Can’t get this config to load properly correctly when attempting to retrieve analytics data for a 90-day period via the Genesys Cloud Platform API. The current instrumentation pipeline ingests queue performance metrics into New Relic custom events to populate NRQL dashboards for capacity planning. The requirement mandates a rolling 90-day aggregation of offerCount, answerCount, and talkCount per queue. When the application posts the query payload to POST /api/v2/analytics/queues/summary with the complete interval, the server rejects the request with a 413 status.

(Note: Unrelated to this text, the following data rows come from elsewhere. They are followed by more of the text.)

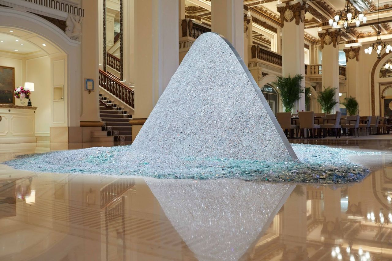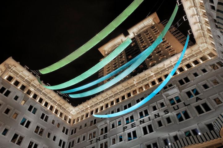A exposição do The Peninsula Hong Kong inclui uma escultura do artista local Kingsley Ng, que paira sobre a icônica fachada do hotel.
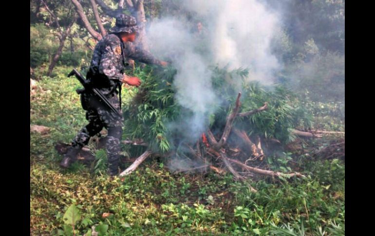 GUADALAJARA, JALISCO (26/JUL/2017).- La Procuraduría General de la República (PGR) Delegación Jalisco informó que inició una carpeta de investigación contra quien o quienes resulten responsables por el delito contra la salud derivado de la destrucción de tres plantíos de mariguana.Señaló que elementos de la Fuerza Única hicieron del conocimiento al fiscal de la Federación que al realizar diversos recorridos de vigilancia en el ejido "Los Parajes" del municipio de Cocula, localizaron tres sembradíos de mariguana.Puntualizó que en estos predios las autoridades destruyeron por medio de incineración 64 mil 800 plantas de mariguana.Indicó que en dicho lugar se recabaron muestras representativas, que fueron puestas a disposición del Ministerio Público de la Federación, quien continúa con la integración de la carpeta de investigación correspondiente para resolver conforme a derecho.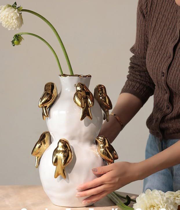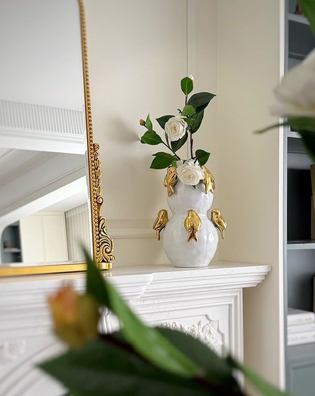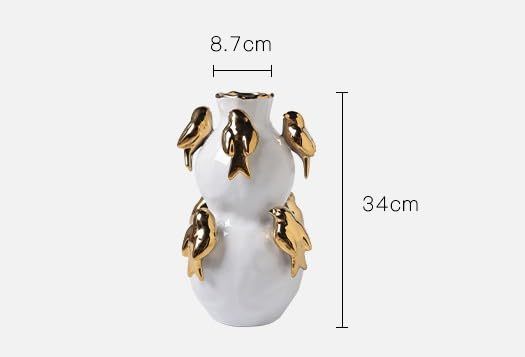 Product description: Elevate your space with this striking white ceramic vase adorned with delicate golden birds. Standing 13.4 inches tall, this minimalist vessel combines clean, contemporary design with artistic sophistication. The pristine white ceramic body serves as an elegant canvas for five meticulously crafted gold-plated bird appliques that create captivating dimensional detail as they appear to perch gracefully around the vase's surface. The thoughtful contrast between the pure white ceramic and lustrous gold accents adds visual drama while maintaining refined elegance. With its slender 3.4-inch width profile and smooth surface, this versatile piece works beautifully as both a functional flower vessel and a standalone sculptural accent. The strategic placement of the golden birds brings organic movement and life to the geometric form, making it an eye-catching addition to any modern interior. Whether displayed on a console table, mantel, or as a sophisticated centerpiece, this ceramic vase artfully balances minimalist design with luxurious details.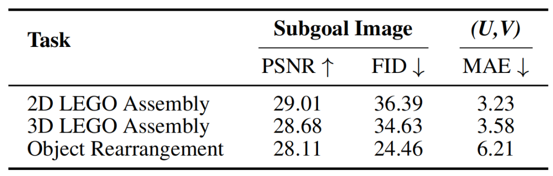ManualVLA 在三项下游任务中子目标图像及(U,V)坐标生成的定量结果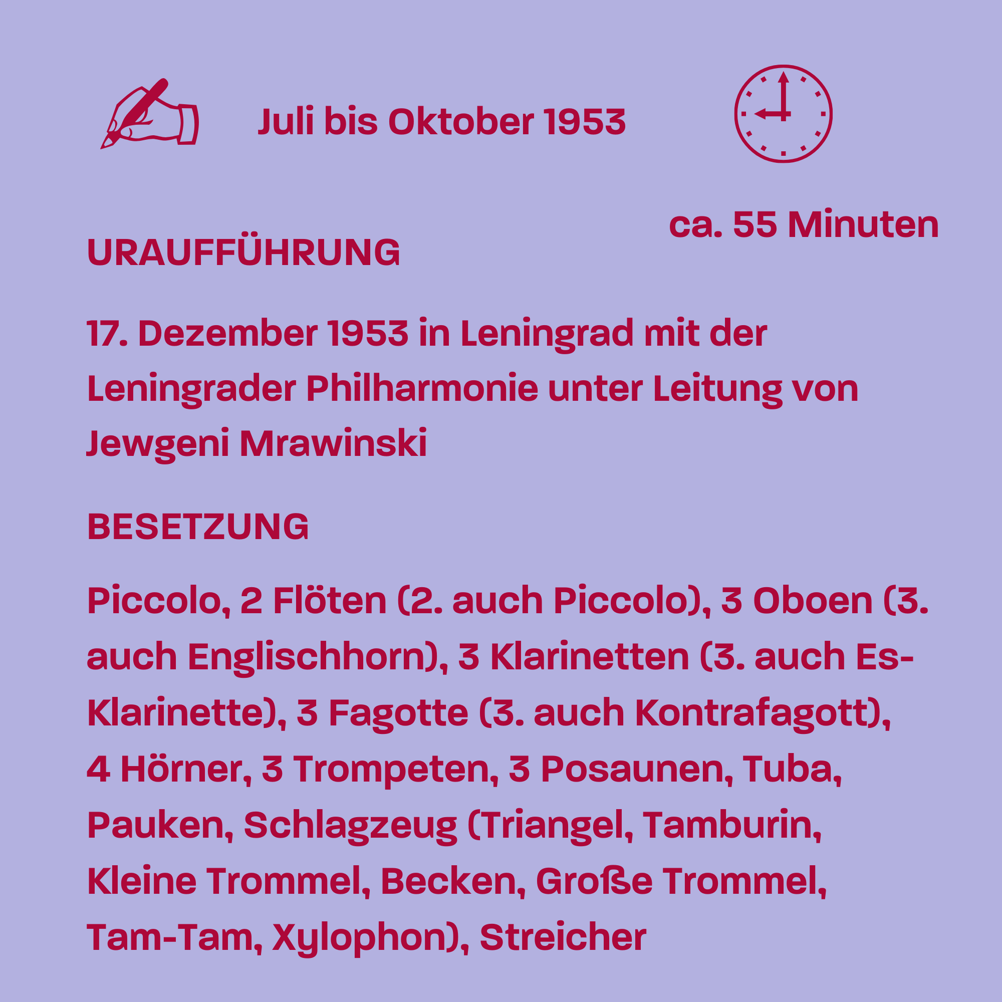 Die 10. Sinfonie entstand in den Monaten nach Stalins Tod, zwischen Juli und Oktober 1953. Erstmals seit 1945 äußerte sich Schostakowitsch in der für ihn so zentralen Gattung der Sinfonie, und man geht wohl nicht fehl in der Annahme, dass er im Medium der Instrumentalmusik das Vergangene reflektierte.

This failure interrupts the scheduled data collection job, resulting in gaps in the performance visibility.
Request Payload
{
"interval": "P90D",
"groupBy": ["queueId"],
"select": ["offerCount", "answerCount", "talkCount"],
"timeFrom": "2023-10-01T00:00:00.000Z",
"timeTo": "2023-12-30T00:00:00.000Z"
}
Error Response
HTTP/1.1 413 Entity Too Large
Content-Type: application/json
{
"code": "entityTooLarge",
"message": "Request payload exceeds maximum size"
}
Documentation Reference
“Query parameters must adhere to maximum size limits. When requesting data across extended intervals, the client application should partition the
timeFromandtimeToranges into smaller segments to ensure successful processing.”
Current Attempt
I attempted to reduce the select fields, but the 413 error persists, indicating the limit relates to the time interval or internal query expansion rather than the JSON body size alone. The error response confirms the payload rejection.
Question
The documentation suggests partitioning strategies, yet it does not specify the maximum safe interval duration or the preferred chunking mechanism. I am currently evaluating whether to implement a loop that breaks the 90-day span into discrete 7-day segments using P7D intervals. Alternatively, does the API support an offset-based pagination mechanism for date ranges that would mitigate the payload size issue? The integration script runs in a serverless environment, so minimizing the number of API calls while avoiding 413 errors is critical for cost efficiency. I also need to ensure that the groupBy results remain consistent across split queries to allow for accurate deduplication in the New Relic ingestion layer. I require a reliable pattern to execute sequential requests and merge the resulting JSON arrays before forwarding them to the New Relic Insights API. Any code examples demonstrating the interval splitting logic would be appreciated.